A pressão também aumenta dentro do país. Os social-democratas que integram a coalizão de governo ao lado da CDU, podem certamente cogitar sanções.

O Partido Verde, da oposição, vai ainda mais longe. Sua líder, Franziska Brantner, disse à agência alemã de notícias DPA que Merz e o Ministro alemão do Exterior, Johann Wadephul (também da CDU), devem tomar uma decisão. “Eles se aliam às forças comprometidas com a paz para todos os povos de Israel e também da Palestina? Ou ficam de braços cruzados enquanto o governo israelense, parte do qual é extremista de direita, continua a causar estragos em Gaza, enquanto a perspectiva de paz e a libertação dos reféns [israelenses em Gaza] se torna cada vez mais remota?”

Uma aliança de dezenas de organizações da sociedade civil também está pedindo ao governo alemão, através de uma petição, que dê continuidade às suas críticas a Israel por meio de ações.

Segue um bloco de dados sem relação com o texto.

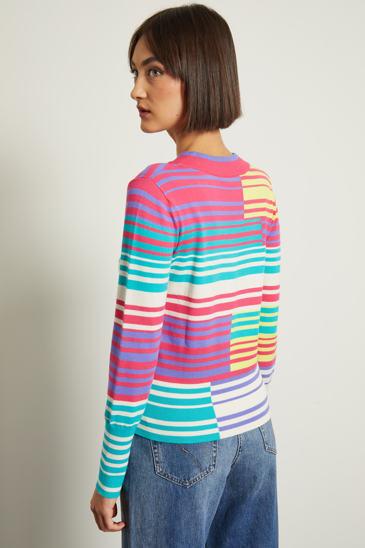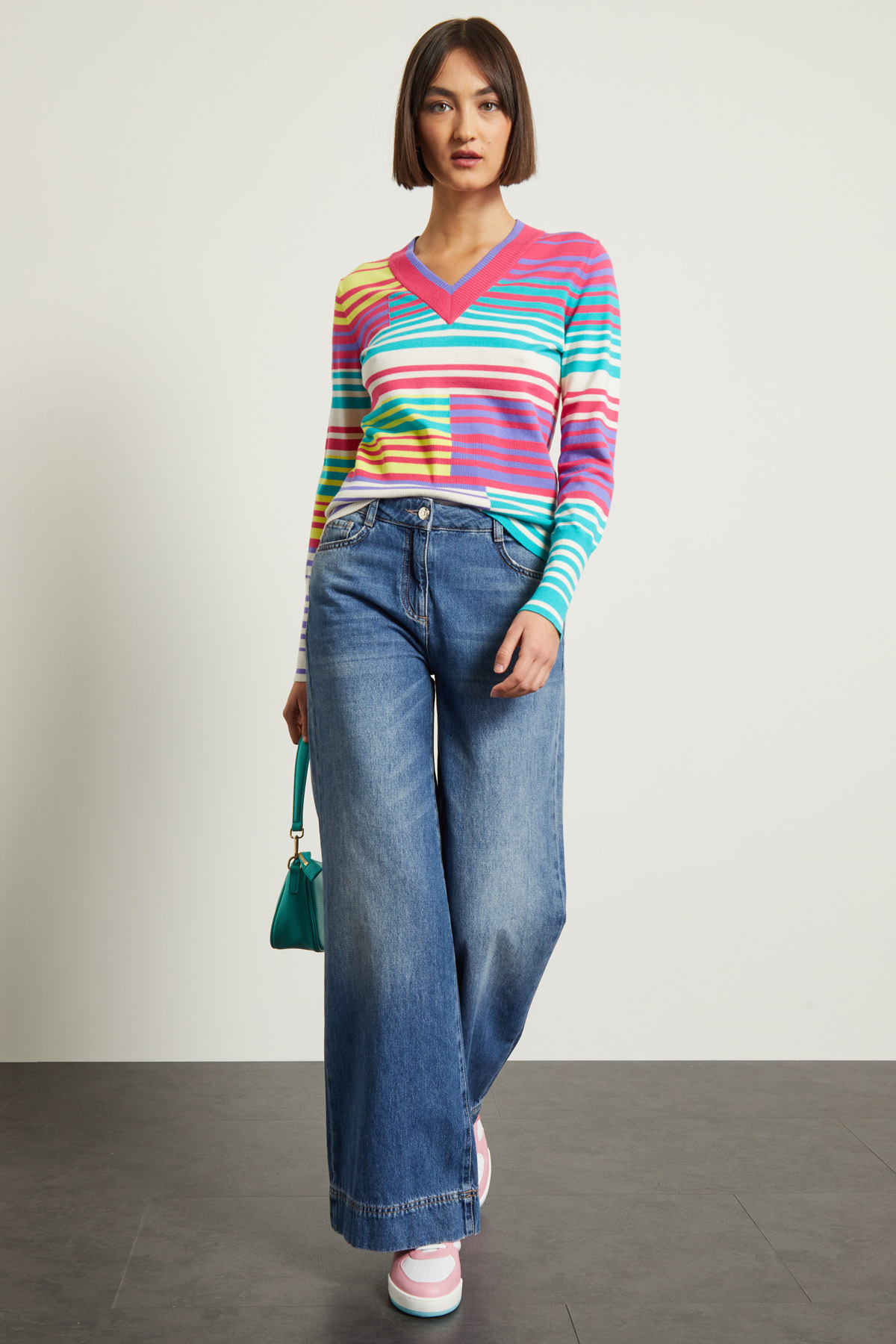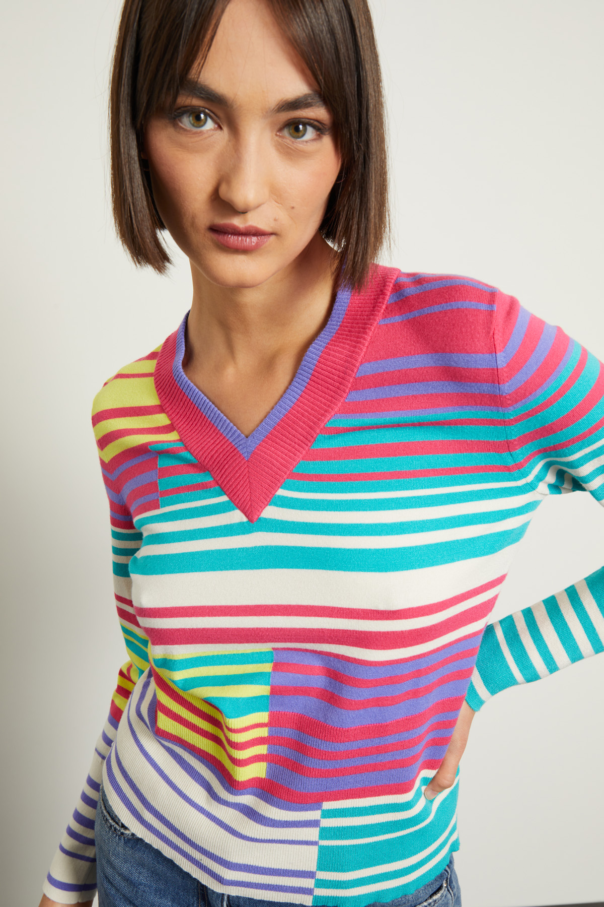 Maglia dalla linea dritta realizzata in filato di misto viscosa tinto filo, con scollo a V, maniche lunghe strette al fondo e profili rifiniti a coste.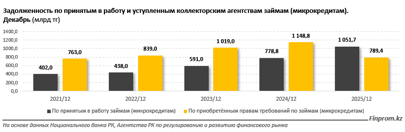 На фоне этих изменений объём задолженности по выкупленным коллекторскими агентствами правам требований сократился за год на 31,3% - с 1,1 трлн до 789,4 млрд тенге. Это первое заметное снижение показателя за весь период наблюдений. Одновременно задолженность, переданная коллекторам без уступки прав требования, наоборот, увеличилась на 35% и достигла 1,1 трлн тенге.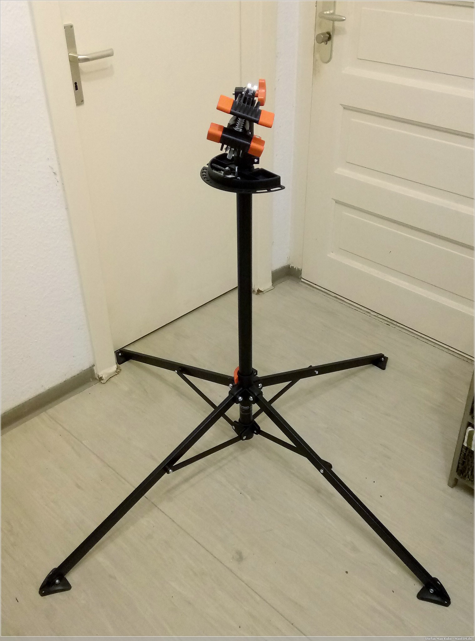 Der knapp 7kg schwere Montageständer kommt teilzerlegt und ist in wenigen Handgriffen montiert. Zusammengeklappt nimmt er nur wenig Platz weg und passt somit fast in jede Ecke.

Maioria na Alemanha é a favor do reconhecimento

O reconhecimento do Estado palestino, porém, é uma questão diferente. O chanceler federal parece estar firme em sua posição, embora aparentemente tenha a maioria da população alemã contra ele. Uma pesquisa do instituto Forsa realizada no início de agosto relevou que 54% dos alemães eram a favor do reconhecimento, enquanto 31% eram contra.

O não reconhecimento nem sempre foi a regra na história alemã, ou pelo menos em parte da história. A antiga Alemanha Oriental comunista, por exemplo, reconheceu o Estado palestino em 1988, mas a dissolução do país dois anos depois e sua unificação com a Alemanha Ocidental posteriormente anularam o reconhecimento.

Agora, com aliados próximos da Alemanha, como França, Reino Unido e Canadá, mudando de lado, a Alemanha ficará ainda mais na defensiva. Os Estados Unidos, em particular, permanecem no mesmo “campo” da Alemanha – o que não facilita necessariamente as coisas para o governo alemão em termos diplomáticos, dada as polêmicas recentes criadas por Donald Trump.

Os Estados Unidos, onde se localiza a sede da ONU, estão impedindo a entrada no país de Mahmoud Abbas, presidente da Autoridade Palestina. Portanto, mesmo com vários países planejando usar a Assembleia da ONU em Nova York para reconhecer o Estado palestino, Abbas não poderá usar o evento como uma plataforma.